§ **WHAT IS REQUIRED**:
Return the records from the first line through the line containing "活动中,同学们带着香糯可口的", and leave out the pictures.
┌──
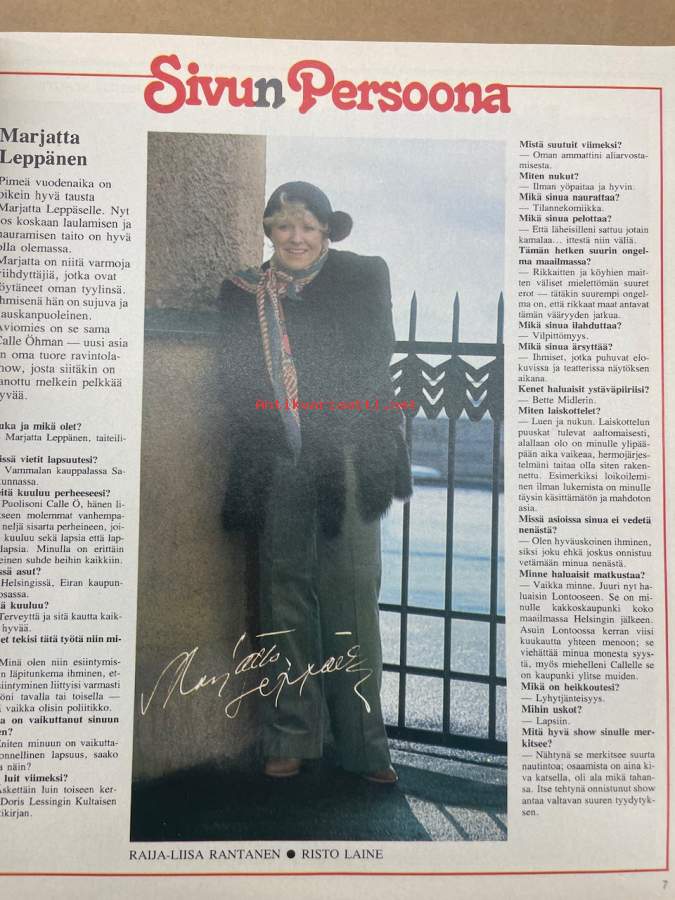 Me Naiset 1978 nr 44 (2.11.), Silvia, Anu Panula, Rinkelileipurin kotona (Vera Resenkov), Seppo Ruohonen, Mustiala, neljäkymmentä päivää Marilynin kanssa 9.osa
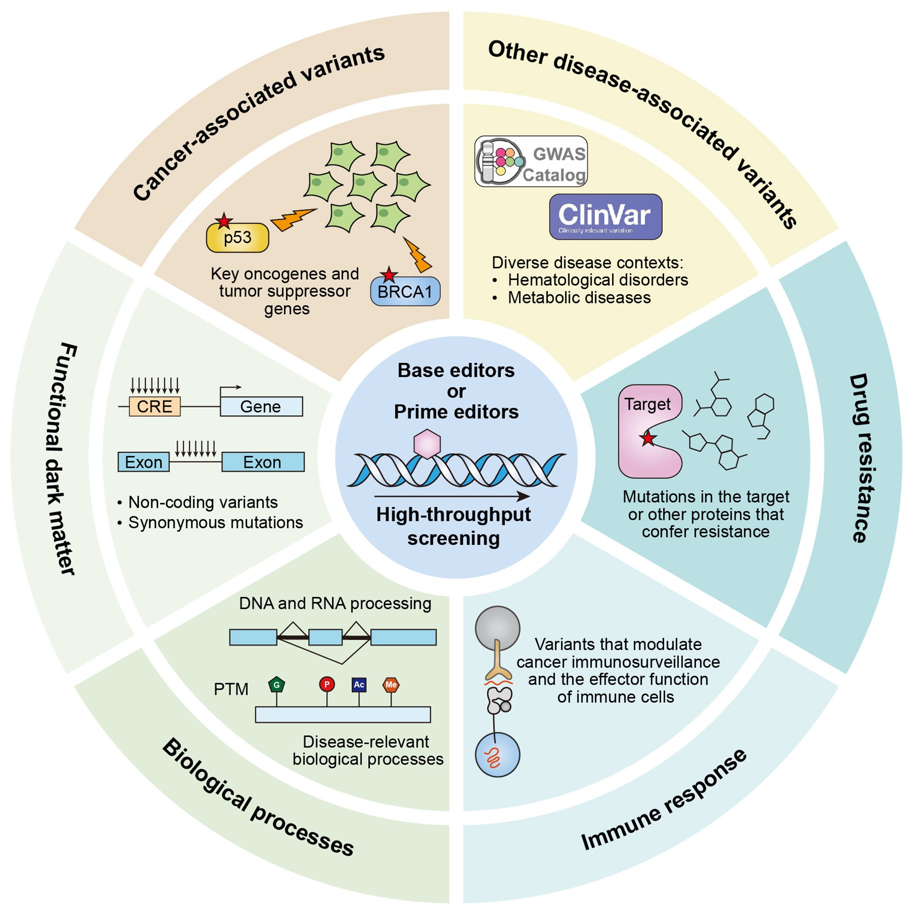 图二 碱基编辑器与引导编辑器筛选在系统解析功能性突变中的应用
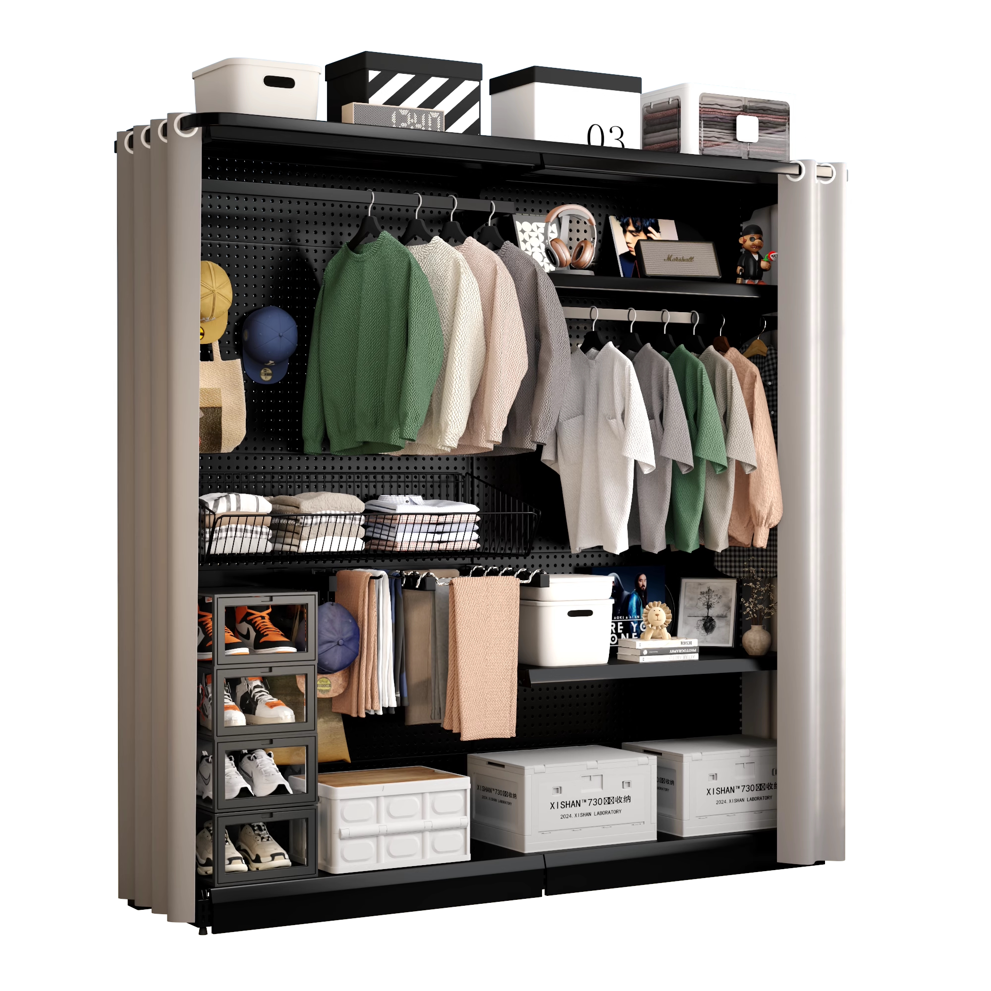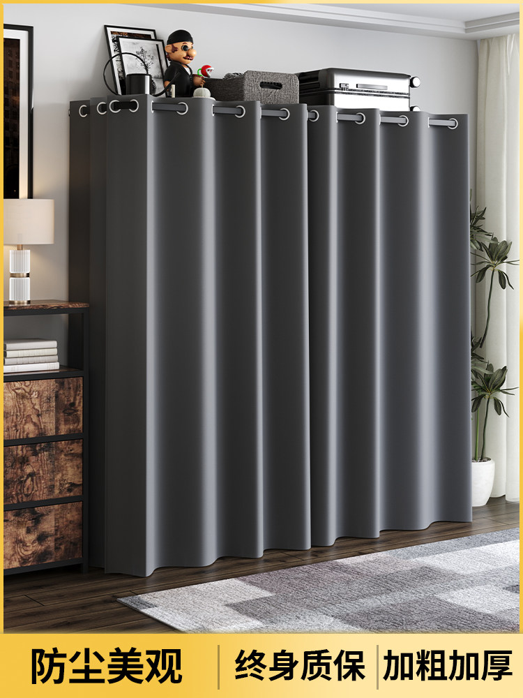 洞洞板简易组装五金衣柜金属衣橱开放式带防尘帘出租房少女衣帽间
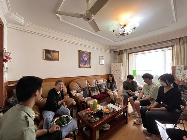 活动中,同学们带着香糯可口的粽子来到社区抗美援朝老兵彭奶奶和退休老干部栾爷爷家中,为“五老”革命前辈带去衷心的敬意和问候。两位老干部已是90多岁高龄,他们讲述着自己在战场前线舍生忘死、保家卫国、浴血奋战的感人故事。“希望同学们珍惜和平,勤奋学习,把握青春,为国家发展做出自己的贡献!”彭奶奶语重心长地叮咛着。我校优秀退役大学生士兵赵虹光向彭奶奶深深鞠躬并讲道:“抗美援朝老兵是青年一代的榜样,英雄老去,光辉永驻。我们要做到退役不退志,退伍不褪色,铭记军人情怀和责任担当,写好属于我们的青春答卷。”
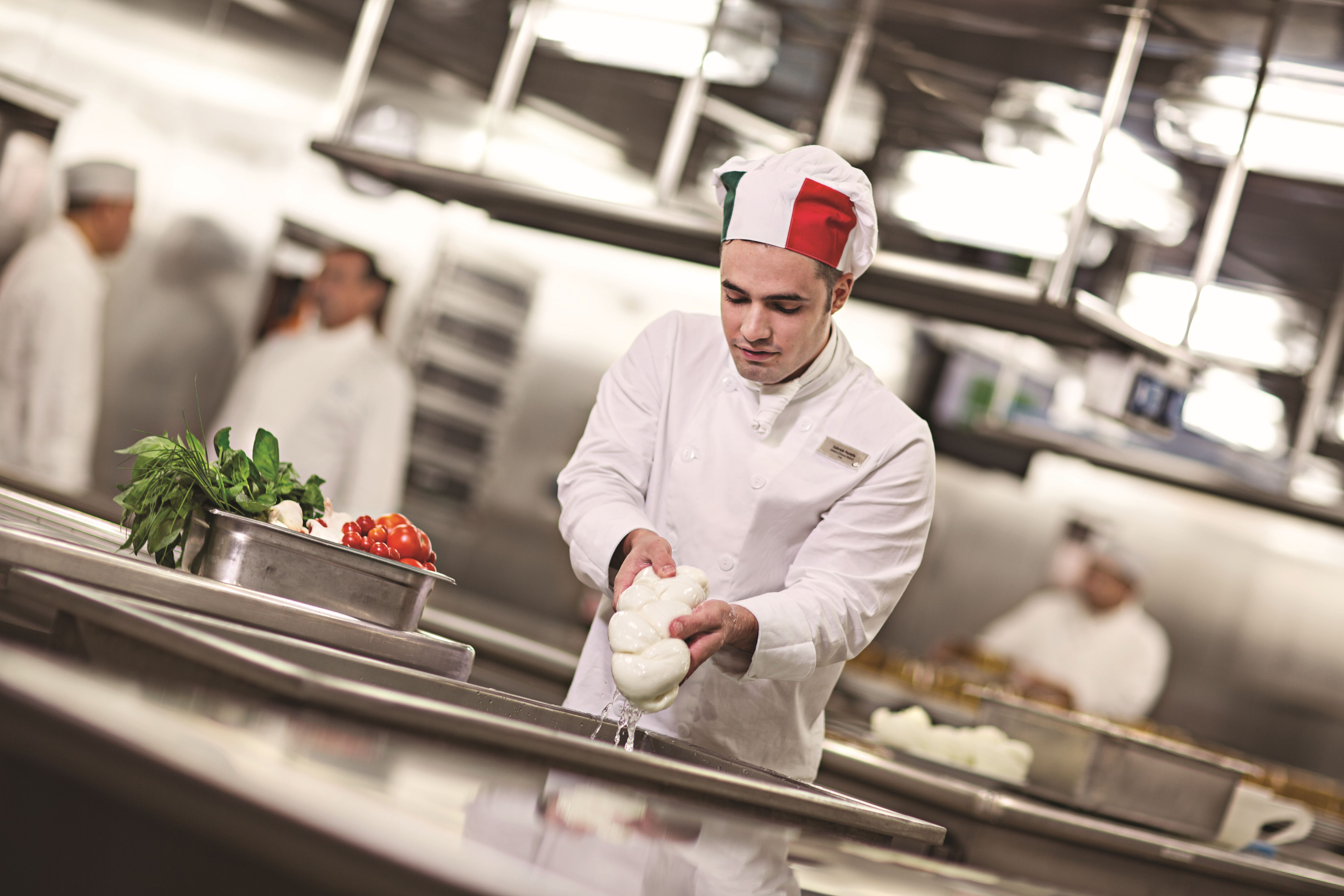 Nos navios Costa, é possível celebrar a cultura italiana em cada detalhe: a gastronomia e o entretenimento transportam os hóspedes para a Itália. Fotos: Divulgação
└──
§ **TASK ANSWER**:
 Me Naiset 1978 nr 44 (2.11.), Silvia, Anu Panula, Rinkelileipurin kotona (Vera Resenkov), Seppo Ruohonen, Mustiala, neljäkymmentä päivää Marilynin kanssa 9.osa
 图二 碱基编辑器与引导编辑器筛选在系统解析功能性突变中的应用
 洞洞板简易组装五金衣柜金属衣橱开放式带防尘帘出租房少女衣帽间
 活动中,同学们带着香糯可口的粽子来到社区抗美援朝老兵彭奶奶和退休老干部栾爷爷家中,为“五老”革命前辈带去衷心的敬意和问候。两位老干部已是90多岁高龄,他们讲述着自己在战场前线舍生忘死、保家卫国、浴血奋战的感人故事。“希望同学们珍惜和平,勤奋学习,把握青春,为国家发展做出自己的贡献!”彭奶奶语重心长地叮咛着。我校优秀退役大学生士兵赵虹光向彭奶奶深深鞠躬并讲道:“抗美援朝老兵是青年一代的榜样,英雄老去,光辉永驻。我们要做到退役不退志,退伍不褪色,铭记军人情怀和责任担当,写好属于我们的青春答卷。”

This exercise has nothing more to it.